Solitaria en la llanura, en las afueras del pequeño pueblo de Russellville, Missouri (Estados Unidos) y acompañada solo por un viejo granero, está la casa de Ruth, heredada hace años de sus padres y donde se crió con sus dos hermanas.
La mayor de ellas vive en St. Louis; la que le sigue crió a su hijo en Panamá; y el menor, es hoy día un exitoso empresario.
Sus vecinos viven tan lejos, que no se ven sus casas. Más abajo, un lago artificial que antes rebosaba con enormes peces gato, hoy está infestado de tortugas mordedoras. Del otro lado de la quebrada está el ganado, los “red Devons”, una raza casi extinta, desplazada por la alteración genética. Más arriba está una porqueriza, a un costado de donde esquilman a las ovejas.
Mientras caminábamos, dos majestuosos caballos se acercaron, como salidos de un comercial de Marlboro. “Vienen en busca de esto”, dijo Ruth, sacando un puñado de lo que parecía ser comida de perro. “Mi vecino los usaba como caba- llos de trabajo, pero como se lastimaron las patas los iban a sacrificar. Los rescaté y los traje, aquí no tienen que trabajar”.
En la granja la única carne que se produce es la de cerdo. Los demás animales son criados prácticamente como mascotas.
Con la noche llegó la cena: emparedados de tocino, tomates frescos y lechuga crujiente, acompañados de melocotones cultivados por menonitas.

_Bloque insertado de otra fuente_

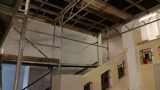 | Im Schulhaus ist ein Gerüst aufgestellt worden. Die Malerarbeiten in den hohen Bereichen beginnen.

No hay electricidad, sino lámparas de querosene, que iluminan con una tenue luz las antigüedades del lugar, en especial la sala y los troncos de la construcción original. Era como estar en “la casita de la pradera” donde vivía Laura Ingalls y su familia.
Al día siguiente nos despedimos y Ruth nos regaló una tira de chorizo “para llevar”. Cuando ese puerco tocó el sartén, fue un boleto directo a la gloria.